XXY

XXY

(director/writer: Lucia Puenzo; screenwriter: based on the short story Cinismo by Sergio Bizzio; cinematographer: Natasha Braier; editors: Alex Zito/Hugo Primero; music: Andrés Goldstein/ Daniel Tarrab; cast: Ricardo Darín (Kraken), Valeria Bertuccelli (Suli), Germán Palacios (Ramiro), Carolina Peleritti (Erika), Martín Piroyansky (Alvaro), Inés Efron (Alex), Luciano Nóbile (Vando); Runtime: 91; MPAA Rating: NR; producers: Luis Puenzo/Jose María Morales; Film Movement; 2007-Argentina-in Spanish with English subtitles)

“The good news is that this is an intelligent drama that is in no way exploitative.”

Reviewed by Dennis Schwartz

The film directorial debut of Lucia Puenzo is confident, auspicious and sobering, yet not completely satisfying. It’s based on the short story Cinismo by Sergio Bizzio. The tale is about the sexual awakening of 15-year-old female Alex (Inés Efron), who has a rare medical condition called genital ambiguity– having the body of a person with both sexes (born with both a penis and a vagina). To maintain being a female, Alex is treated with Corticord–a hormonal medication. The angst-ridden hermaphrodite, Alex, is suddenly bursting with an overflow of sexual energy due to hormonal changes and for the past two weeks has stopped taking her meds. She lives with her birth secret in a remote southern Uruguayan fishing village, in a humble isolated beach house, as her protective family, her sensitive marine biologist author father Nestor Kraken (Ricardo Darín) and her concerned mother Suli (Valeria Bertuccelli), moved there from Buenos Aires to get away from people who talk. The parents chose not to have Alex “normalized” at birth, the usual way of dealing with this problem for inter-sexed children. During this trying child-rearing period, the biologist has been actively studying and protecting the wild turtles that swim off the rugged coastal beaches of Uruguay and get trapped in the nets of fishermen (speaking of heavy-handed symbolism).

Unannounced to her husband, Suli invites her old friends from Argentina, plastic surgeon Ramiro (Germán Palacios), his wife Erika (Carolina Pelereti) and their 16-year-old son Alvaro (Martin Piroyansky), to visit. Ramiro is a well-respected surgeon specializing in fixing deformities and birth defects, and Suli hopes to confer with him about Alex to see if maybe an operation is indeed the best solution.

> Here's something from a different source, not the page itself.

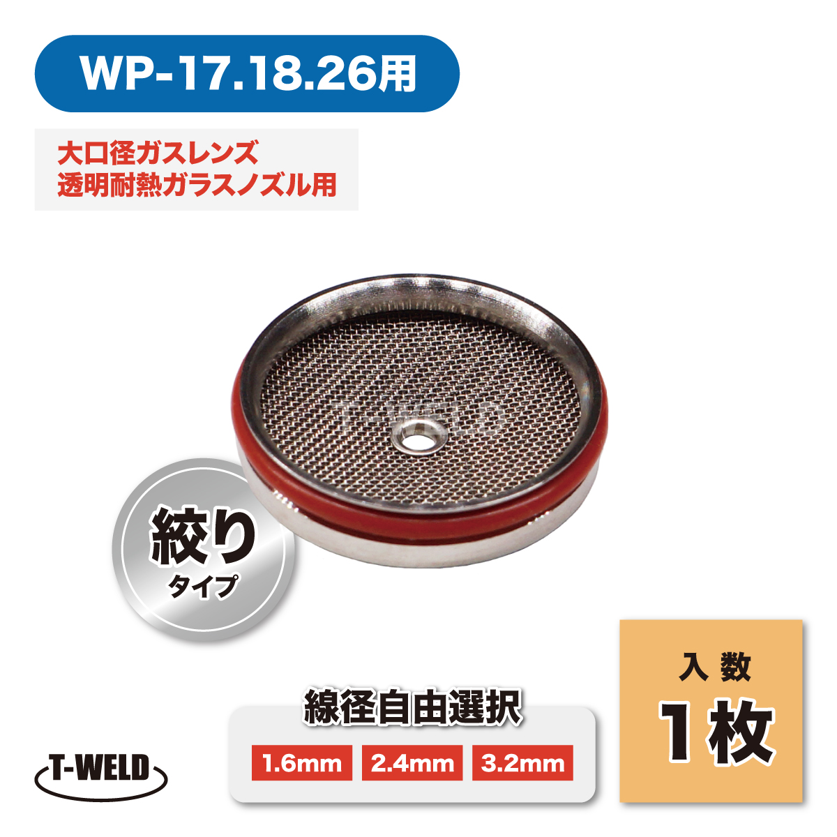 TIG溶接 アダプタ スクリーン網 1枚 ( WP-17/18/26 大口径ガスレンズ 透明耐熱ガラスノズル 絞りタイプ用 ) ( 線径自由選択:1.6 2.4 3.2mm)

The concerned parents learn that Alex’s carefully kept secret has been leaked in the fishing village through her friend Vando, and as expected some of the ignorant local teen boys act as yahoos. Also, the anxious virgin Alex, in heat, seduces Alvaro into having rear-end sex (which makes clear the shy boy’s already apparent gay tendencies). His parents are upset at this blossoming relationship and leave the area at the first opportunity, while Alex’s protective parents hunker down and become more protective as they let her decide her own fate.

The good news is that this is an intelligent drama that is in no way exploitative, and there’s a terrific volatile performance by newcomer Efron–expressing her teen concerns about her identity crisis into universal terms. Otherwise the relationship between Alex and Alvaro is not fully developed for us to feel as much of their pain when they part as was intended and for all the tormenting about such strange sexual matters it’s still best seen as a family drama with its controversial subject matter infusing it with more urgency than the usual teen growing up problem.

The brooding and humorless tale, though not a clinical study, has the feel of one, yet still leaves a provocative bedeviling dramatic ambiguity that lingers after the story is wrapped up.

XXY comes with a string of assorted awards from such noted festivals as Cannes, Edinburgh and Toronto.